Posted by Kurt on August 24th, 2008

The Google Translate service is quiet useful. However, I just ran into this little bug when playing around with it. If you submit a chunk of English text and ask it to detect the language and then translate it to English, it brings up an warning saying that they are “not yet able to translate from English to English”. Whoops :) I guess it’s in Beta for a reason.

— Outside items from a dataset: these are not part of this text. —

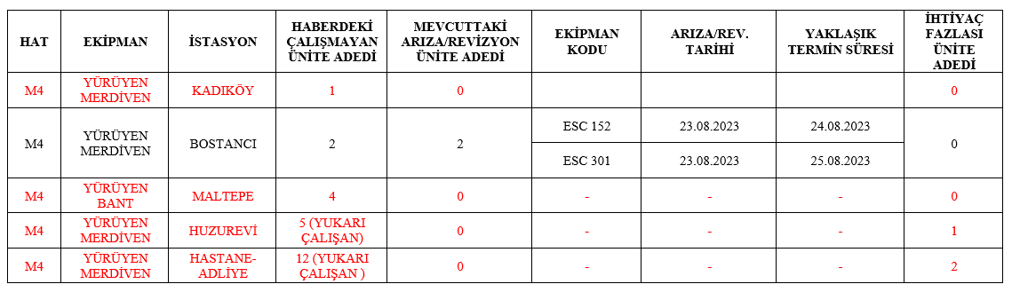 Gerçek: M7 Yıldız-Mahmutbey Metro Hattında toplam 260 adet yürüyen merdiven ve 121 adet asansör bulunmaktadır. Bu ekipmanlardan 22 adet yürüyen merdiven ilgili bölümlerden yolcu alınmaması nedeniyle çalıştırılmamaktadır. An itibarıyla arızalı ekipman bulunmamaktadır. Güncel bilgiler aşağıdaki gibidir.
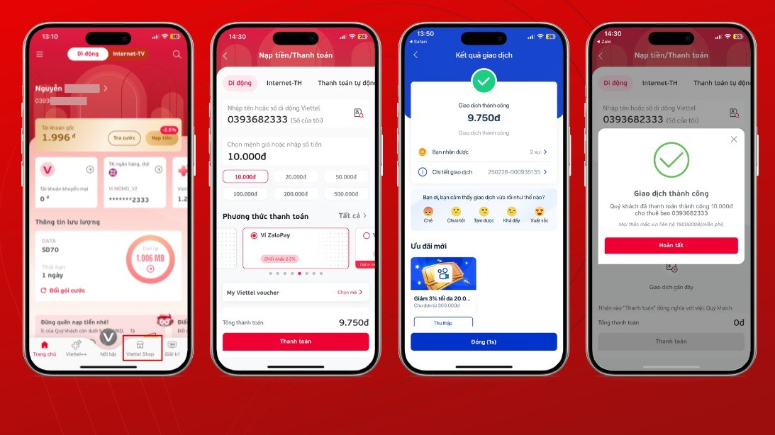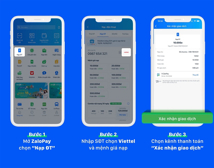 Bước 5 - Xác nhận và hoàn tất giao dịch: Kiểm tra kỹ lại thông tin, sau đó xác nhận thanh toán. Giao dịch được xử lý trong vài giây và điện thoại sẽ được nạp tiền ngay lập tức.
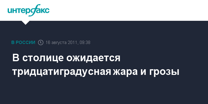 Москва. 16 августа. INTERFAX.RU – Во вторник в Москве синоптики прогнозируют жаркую погоду, переменную облачность, кратковременные дожди с грозами.
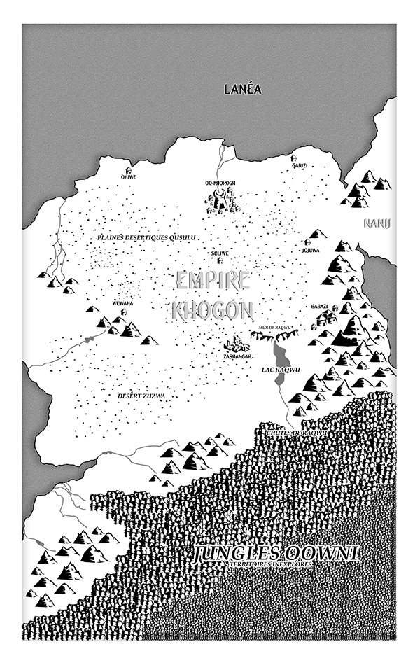 Maintenant que la carte est dévoilée, vous pouvez voir l’Empire Khogon dont la capitale porte le nom Oq-Khorogh (première impératrice Khogon. voir illus.). C’est un endroit quasi-désertique au nord et montagneux au sud, un peu à l’image du Nevada. Je n’en dirais pas plus pour ménager le suspense. Plus au sud vous pouvez voir les jungles Oowni, sachez aussi qu’on y fera un tour dans le tome 4.
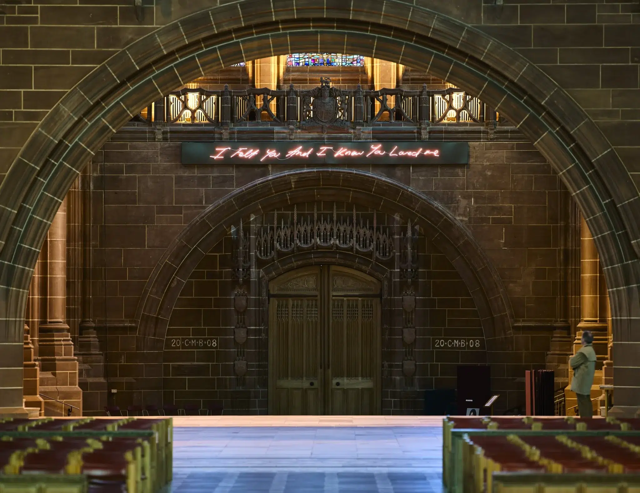 Emin frequently situates her neon works within public and architectural settings, extending personal declaration into communal space. A significant example is For You (2008), installed in the West Window of Liverpool Cathedral. The work reads, “I Felt You And I Knew You Loved Me,” its glowing script suspended within the vast Gothic architecture of the Church of England’s cathedral. The placement is striking. Neon, a medium associated with urban nightlife and commercial signage, inhabits sacred space.
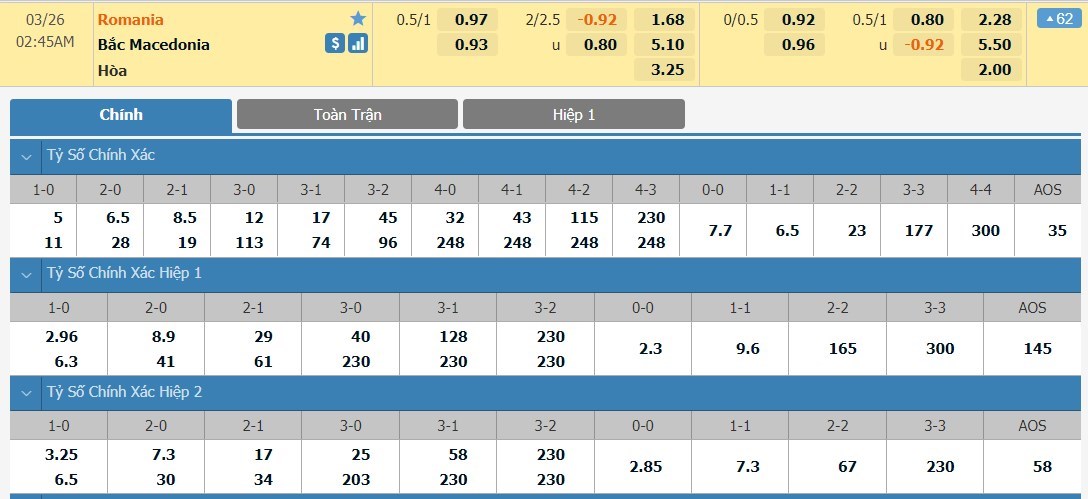 Tip kèo tỷ số hiệp 1: Romania 1-1 Bắc Macedonia

Click the thumbnail for a full-sized image.

Video CAPTCHA Demo

Posted by Kurt on August 22nd, 2008

If you haven’t already, check out the Video CAPTCHA demo at:

http://sudbury.cs.rit.edu/

There’s no entrance survey, exit survey and you can quit at any time (don’t feel obligated to finish all 22 videos).  Enjoy!

Evaluating the Usability and Security of a Video CAPTCHA

Posted by Kurt on August 18th, 2008

I just scheduled the time and location for my thesis defense. Everyone is welcome to come, watch, and try to stump me with questions. Hope to see you there! -Kurt

Thesis Statement

One can increase usability while maintaining security in a video CAPTCHA by intelligently extending the set of user-supplied and ground truth tags.

Abstract

A CAPTCHA is a variation of the Turing test, in which a challenge is used to distinguish humans from computers (”bots”) on the internet. They are commonly used to prevent the abuse of online services. CAPTCHAs discriminate using hard artificial intelligence problems: the most common type requires a user to transcribe distorted characters displayed within a noisy image. Unfortunately, many users find them frustrating and break rates as high as 60% have been reported (for Microsoft’s Hotmail).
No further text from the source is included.